With a series of dry cracks, the ceiling broke. Dante was already scampering away from it, toadstools squishing under his feet, and none of the stones threatened to crush him. Yet something else came down behind the rock: two of the gem-toothed worms. They lowered themselves from the tubes revealed in the ceiling and spread across the stone-strewn ground.
Dante slapped his palm to his brow. "Not the worms again!"
Blays twirled his sword. "Have either of you thought about summoning a really, really big robin?"

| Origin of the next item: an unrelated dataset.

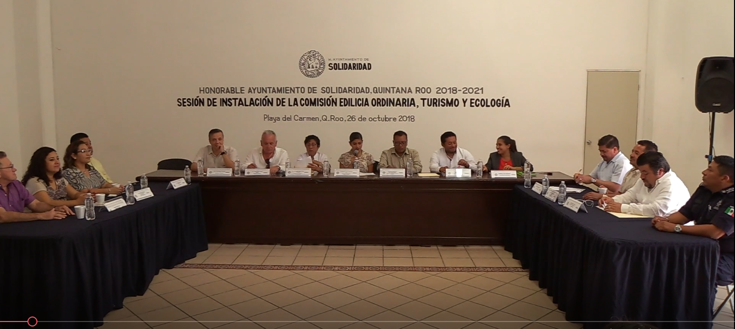 En presencia de autoridades como el síndico municipal, Omar Sánchez Cutis, el Diputado Federal Luis Alegre, regidores y público en general, se instaló la Sesión de Instalación de la Comisión Edilicia Ordinaria, Turismo y Ecología 2018 -2021, de conformidad con los artículos 1, 4, 5,16 y 17 del Reglamento Interior del H. Ayuntamiento de Solidaridad.

The creatures groped their way toward Dante and Gladdic. Without a hole to anchor themselves in, the worms moved awkwardly, humping themselves along, but they weighed so much that they'd need no precision to crush a man to death. Gladdic fanned out his fingers, shooting lines of light into the closer worm's eyeless face. Bits of translucent flesh shredded away, but the hard, crystalline bones within it stopped the worst of the damage.
Dante ran headlong from the other worm, pelting its mouth and throat with nether. Across the room, Adaine seemed to be taking advantage of the distraction to recover: nether flowed to him, sealing his cuts and gouges without a trace.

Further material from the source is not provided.